We’re inspired by this landmark case and today we’re happy to have more background and perspective to share with you from one of the plaintiffs, Tom Willey. Tom is an organic farmer in Madera, California and a Slow Food USA regional governor. Here are some highlights from our conversation about why this case matters to him, to his fellow farmers, and to consumers in general.

What is your role in the lawsuit? Why did you decide to get involved?

There are too many people in the agricultural community being picked off one by one over this issue of their crops being contaminated by genetically modified organisms (GMOs).
Everyone on the suit is potentially liable to be sued by Monsanto. The Public Patent Foundation (PUBPAT) initiated this suit to deny Monsanto the right to sue farmers for being inadvertently contaminated with GMO genes.

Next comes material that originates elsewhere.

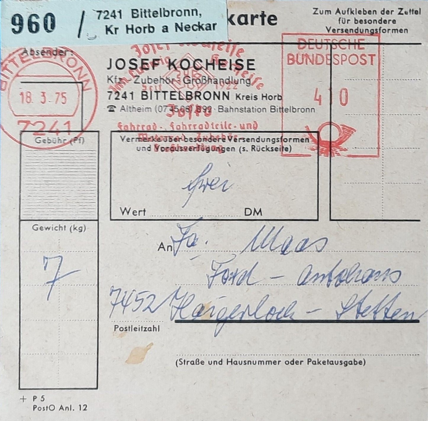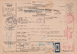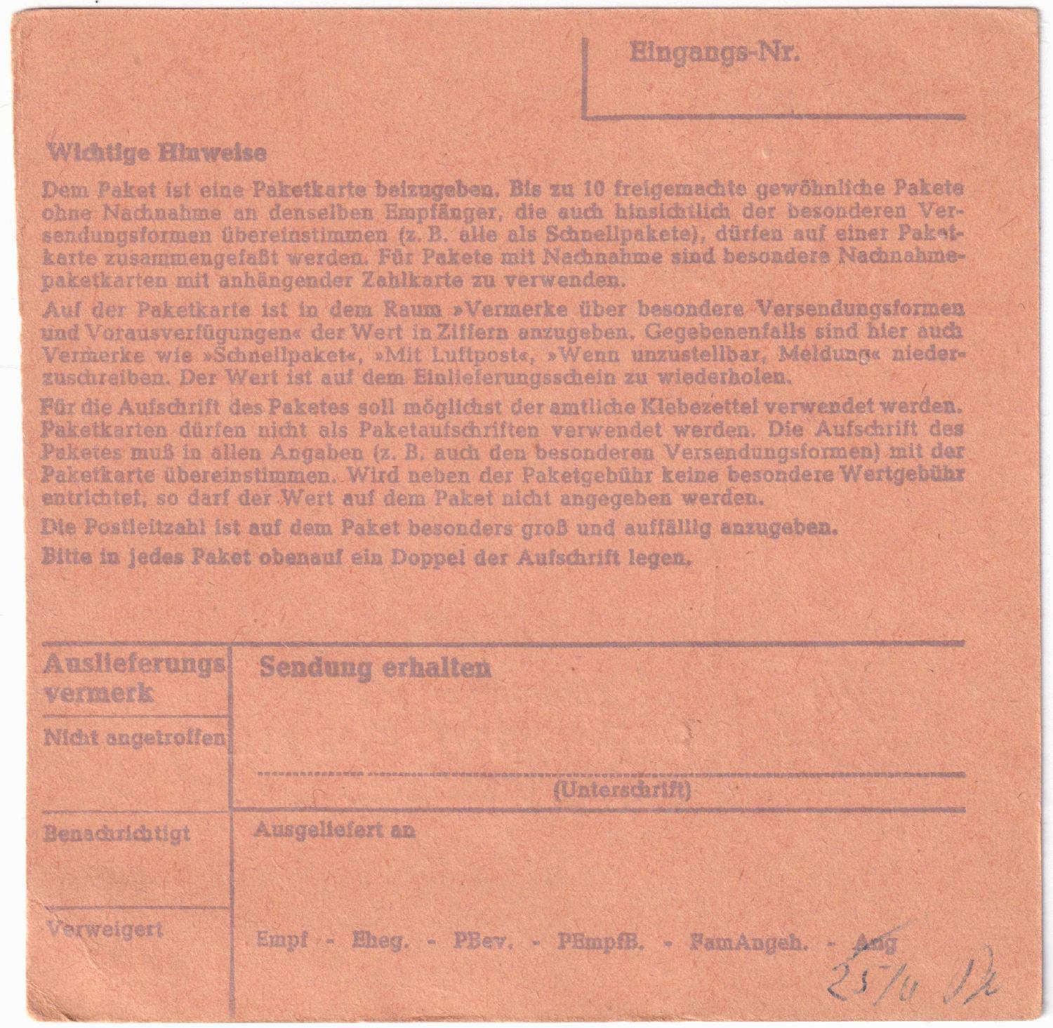 für meine kleine Heimatsammlung habe ich dies Paketkarte erworben: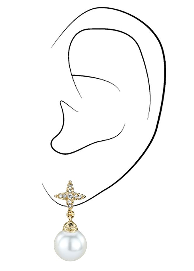Traveller Drop Earrings - Gold Plated - Cross - Pearls - White - 10mm - Crystals - 25 mm

If you stand by and watch your neighbors being abused and don’t do anything to back them up, there may not be anyone there to help you. It’s very difficult for individual farmers to defend themselves from legal onslaughts from Monsanto so we thought we best go after defending the whole farming community as a group. Luckily PUPBAT has the resources to help us make that happen and hopefully we’ll prevail.